Showing posts with label Hemingway. Show all posts
Showing posts with label Hemingway. Show all posts

Wednesday, September 5, 2012

500 words a day

Daily Goal: 500 words.
Yesterday I wrote 20 words.

Sad is all it is: 20 words. I might as well post them:
“I’ll show you where it’s dug.” The kid set off towards the river without looking back.The boy followed.
 Actually those are, probably, just nineteen words. I wrote a temporary title, "Crossing", as well.

After I finished my blog post yesterday, I did refill my coffee, and then turned straight to writing. After those twenty words I thought:  "This is a nice start. I'll take a little break and write the rest afterwards."

I want to write 500 words, minimum, every day. No days off. It is a work ethic that countless great authors have kept to and it makes sense. A day off from a story only creates a distance that you don't really want. You stop thinking about the story. I am still thinking about the story that those 20 words will hopefully turn into, but if I write nothing tonight, it will slowly slip from my mind.

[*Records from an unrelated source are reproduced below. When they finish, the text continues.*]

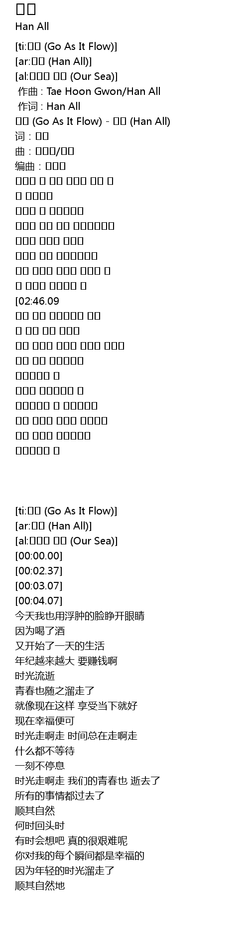| [00:00.00] | 청춘 (Go As It Flow) - 한올 (Han All) |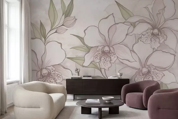 Fotobehang Illustratie van bleke orchideeën met bladeren op een beige achtergrond N° w05117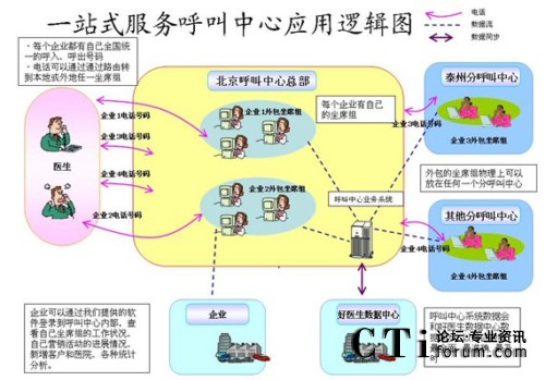 - 依托完善的呼叫中心技術平臺,好醫(yī)生在國內(nèi)唯一的國家級醫(yī)藥產(chǎn)業(yè)基地——泰州“中國醫(yī)藥城”構(gòu)建完成了國內(nèi)首家具有100座席以上處理能力的醫(yī)藥衛(wèi)生領域的專業(yè)化呼叫中心。該呼叫中心企業(yè)具有多址分布、全國組網(wǎng)功能。座席組物理上既可以在北京(好醫(yī)生的呼叫中心總部),也可以在北京以外的任何地區(qū)(好醫(yī)生的呼叫中心分部);通過IP技術,呼叫中心的各路話務統(tǒng)一由北京接入或呼出。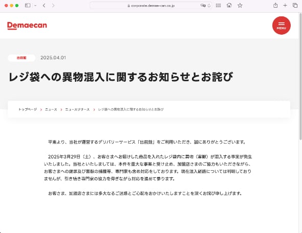 出前館は4月1日、商品を入れたレジ袋内にネズミが混入する事案が発生したとして謝罪した。配達員に商品の確認を徹底させるとしている。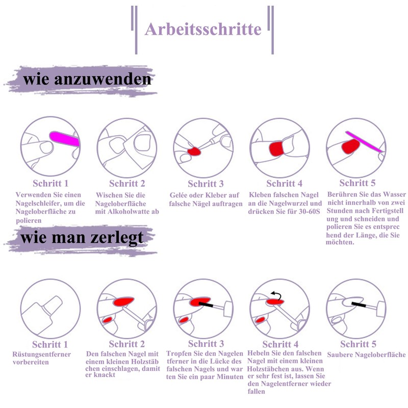 - Easy to use: just choose the nail piece that suits you, polish the nail bed, insert the jelly glue we give you, and then press the nail for 30 seconds to get your favourite French nail. Due to the limited use of jelly glue, we recommend you use your own glue.
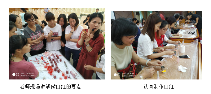 活动当天,大家都早早来到了活动现场,正式开始后,社工首先让在座的各位社区妇女对对面的女性说声“哇!你真的好漂亮!”,以提高自己的自信心,再简单介绍了口红对于女人的意义,口红对于肤色及人的气色有着极大的提升。在讲授的过程中,社工还为参与者们传授了社交的技巧。活动中,社工首先向学员分发制作口红的材料,接着一边讲解一边示范制作过程,组员们一个个都听得聚精会神、津津有味。轮到大家制作的时候,搅拌、倒模、隔水加热、倒模……学员们对每个步骤都一丝不苟、力求完美,不明白的地方还积极向社工提问。等到口红脱模成功制作完成的时候,组员们欣赏着自己的作品,脸上露出了灿烂的笑容。等到口红全部制作完成后,社工特意提醒参与者,制作完的口红不能马上使用,要先放进冰箱冷冻层冷冻2小时后再拿出使用,否则会折断口红。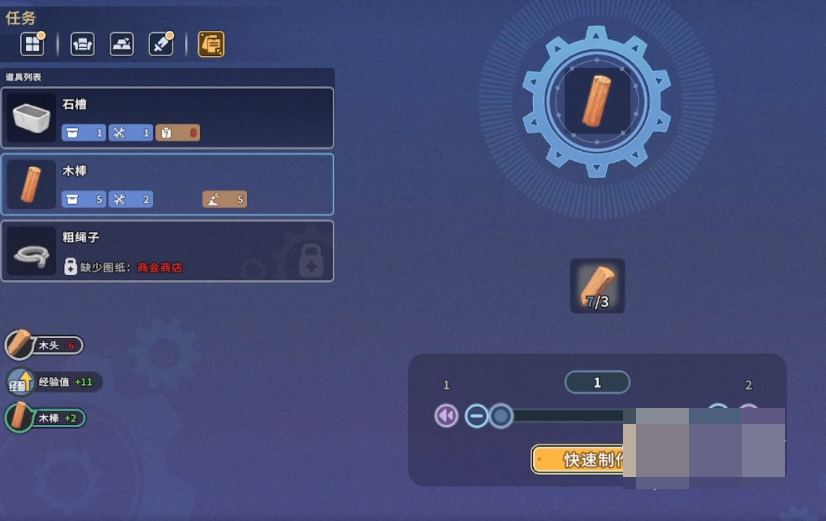 材料获取路径分为四类:采集、冶炼、加工与日常储备。砖石可通过敲击岩石或使用熔炉煅烧石料获得;木棒来自砍伐林区树木;植物纤维需在草地、木缘等地反复采集,建议随身携带采集工具,边探索边积累;铜锭与铜棒须先于废料堆中拾取含铜矿渣,再送入冶炼炉提纯;铁块、电线、齿轮等通用配件,主要依靠每日资源点巡查、任务奖励及仓库长期囤积逐步凑齐。

Stephen King, I believe, writes 2000 words a day. His only days off are Christmas and his birthday. I read that, I think, in On Writing, a really great book about his experiences as a writer. Hemingway wrote 1000 words each morning. He first read and edited the 1000 words he wrote the day before. This I've read somewhere, I can't remember. He would sometimes stop at exactly 1000, so he'd really want to finish the sentence the next day.
I am pretty sure that I don't write the same way Stephen King or Hemingway write/wrote. I have never read anything by Ian McEwan - he is on my reading list - so I don't know if I could identify with his style or method, but I saw this little video on YouTube:


500 to 800 words on a good day sounds more like what I can manage. That doesn't mean I couldn't write more. Writing a blog post like this takes little effort. I find it difficult, however, to write good fiction, at the same pace I write a blog or a diary or a journal.

The story, "Crossing", of which I got twenty words down on paper yesterday, is about two boys who want to cross a river. That is my idea for the story, together with the first line of dialogue, mentioned above. I don't know if I'll drop it for something else tonight, but soon, I hope, I'll find something to stick with until I feel that it is good enough to send into some magazine for consideration.